- PROBLEM DESCRIPTION: Print the records below exactly, from the line containing "丸岡包括支援センター長 山道 伊久江様に『地域包括支援センターの役割』についてお話いただきました。" down to the line containing "传 媒(SZ002181)$ 上午收盘了!大家记得", both lines included, and omit every picture.

- PROVIDED ENTRIES:

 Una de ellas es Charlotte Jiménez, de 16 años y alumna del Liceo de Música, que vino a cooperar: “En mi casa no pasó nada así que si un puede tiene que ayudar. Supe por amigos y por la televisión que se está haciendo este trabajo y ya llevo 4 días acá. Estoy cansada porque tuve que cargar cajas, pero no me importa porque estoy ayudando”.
...
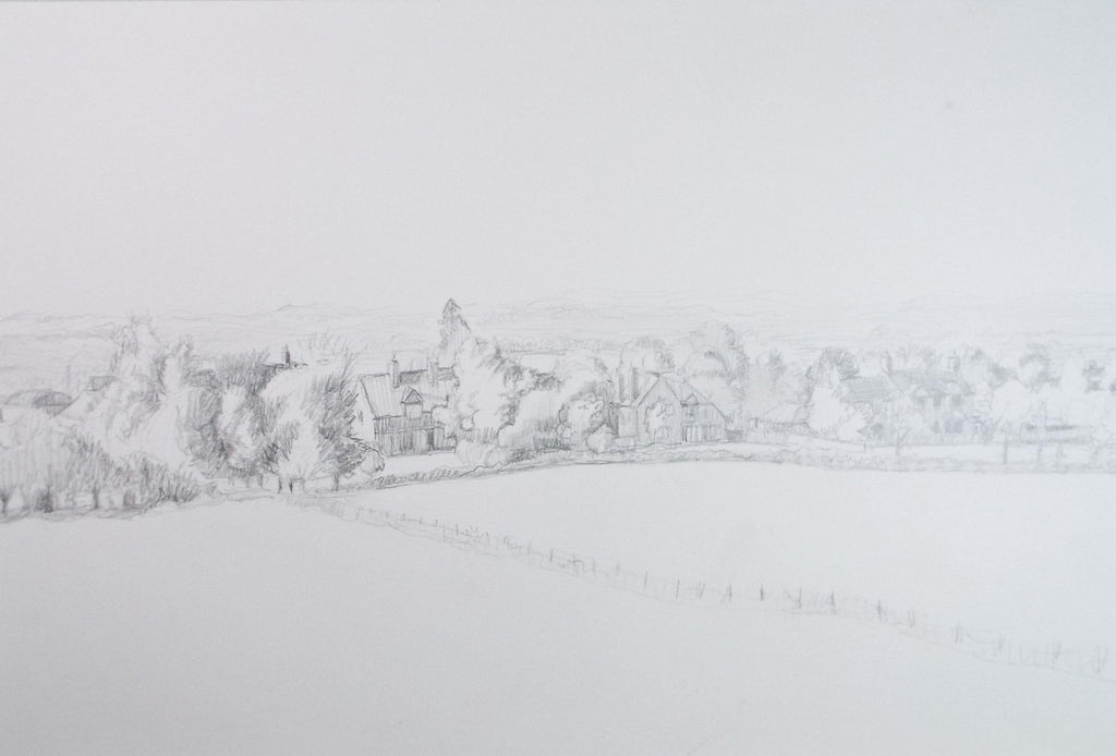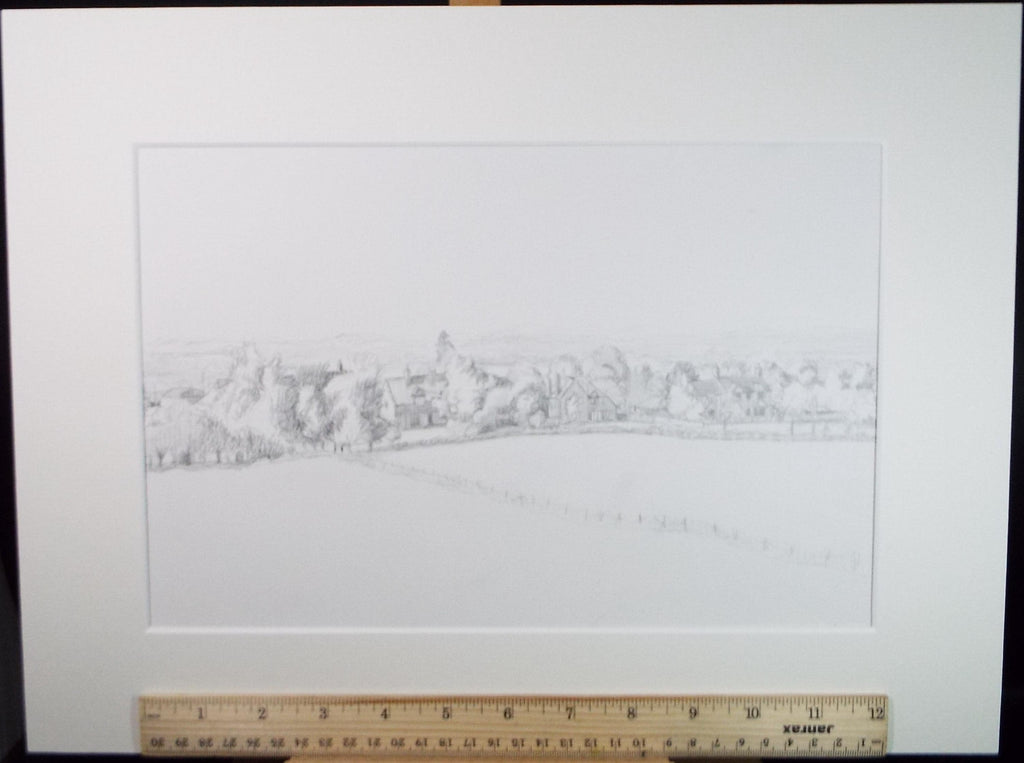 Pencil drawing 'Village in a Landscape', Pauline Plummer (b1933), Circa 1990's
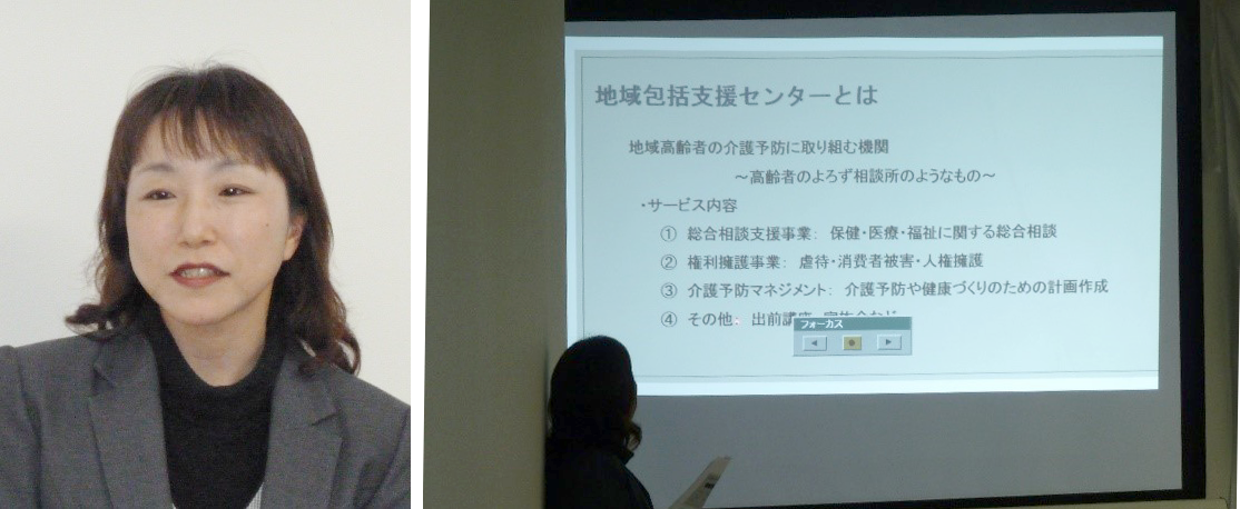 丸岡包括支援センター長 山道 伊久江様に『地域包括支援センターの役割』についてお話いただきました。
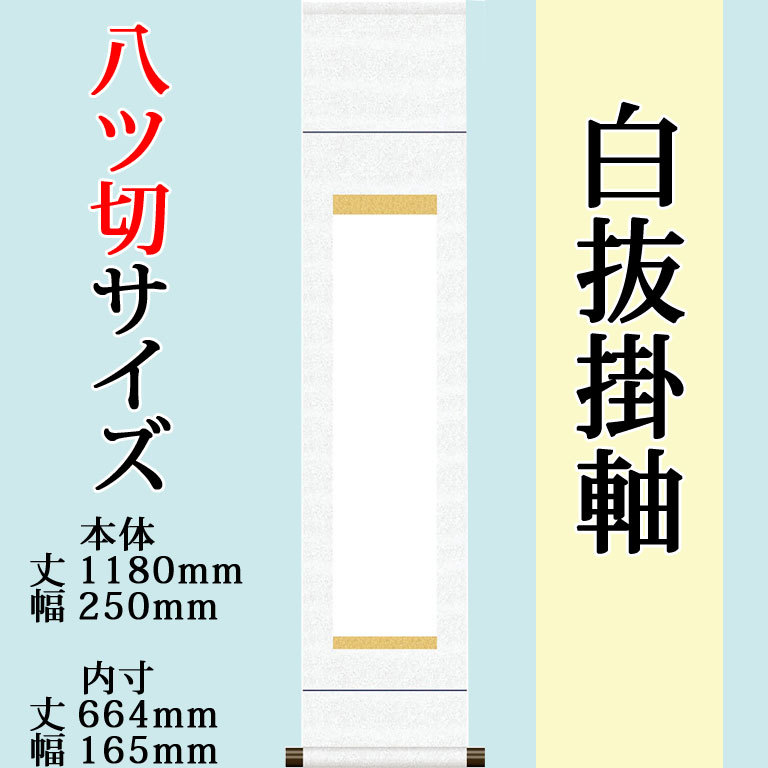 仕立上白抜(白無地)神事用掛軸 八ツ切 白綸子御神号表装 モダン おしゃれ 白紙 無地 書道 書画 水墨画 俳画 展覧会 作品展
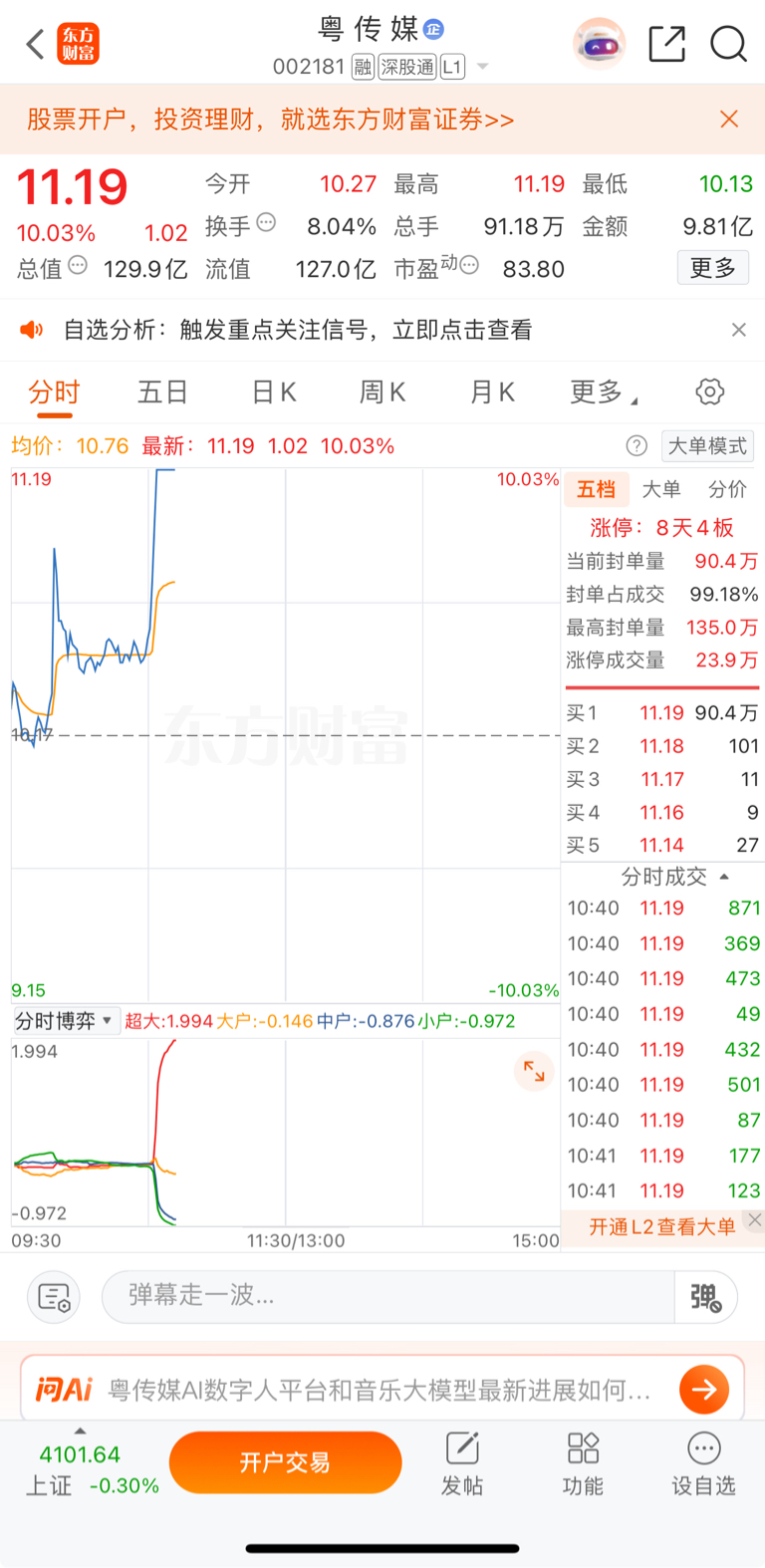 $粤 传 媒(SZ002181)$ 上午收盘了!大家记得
* * *
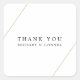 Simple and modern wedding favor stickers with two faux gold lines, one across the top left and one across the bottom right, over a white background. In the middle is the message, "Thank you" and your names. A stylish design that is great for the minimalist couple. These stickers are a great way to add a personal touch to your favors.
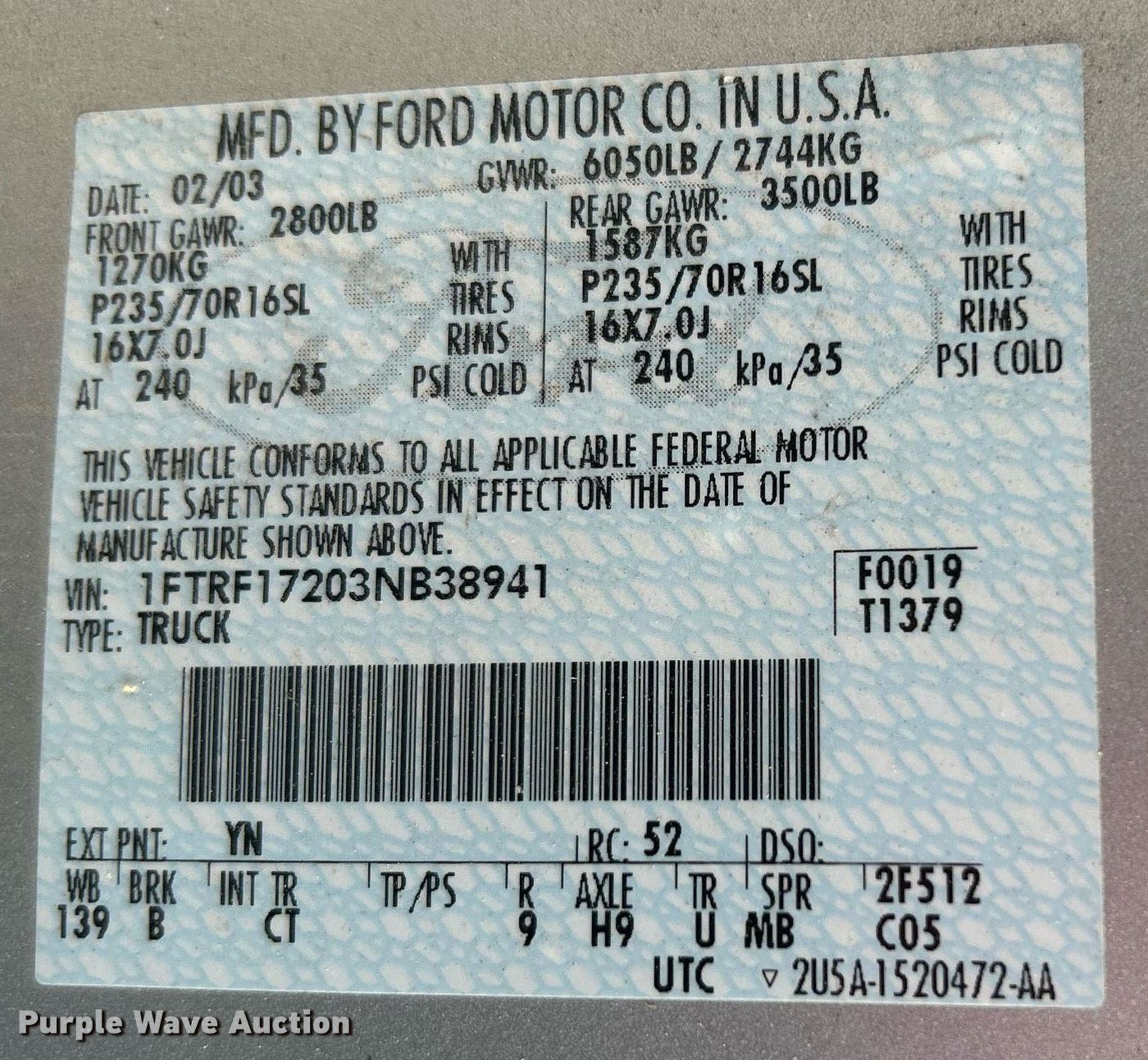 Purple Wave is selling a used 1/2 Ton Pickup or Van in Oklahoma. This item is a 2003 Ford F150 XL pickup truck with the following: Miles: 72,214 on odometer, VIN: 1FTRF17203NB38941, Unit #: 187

- SOLVED EXERCISE:
 丸岡包括支援センター長 山道 伊久江様に『地域包括支援センターの役割』についてお話いただきました。
 仕立上白抜(白無地)神事用掛軸 八ツ切 白綸子御神号表装 モダン おしゃれ 白紙 無地 書道 書画 水墨画 俳画 展覧会 作品展
 $粤 传 媒(SZ002181)$ 上午收盘了!大家记得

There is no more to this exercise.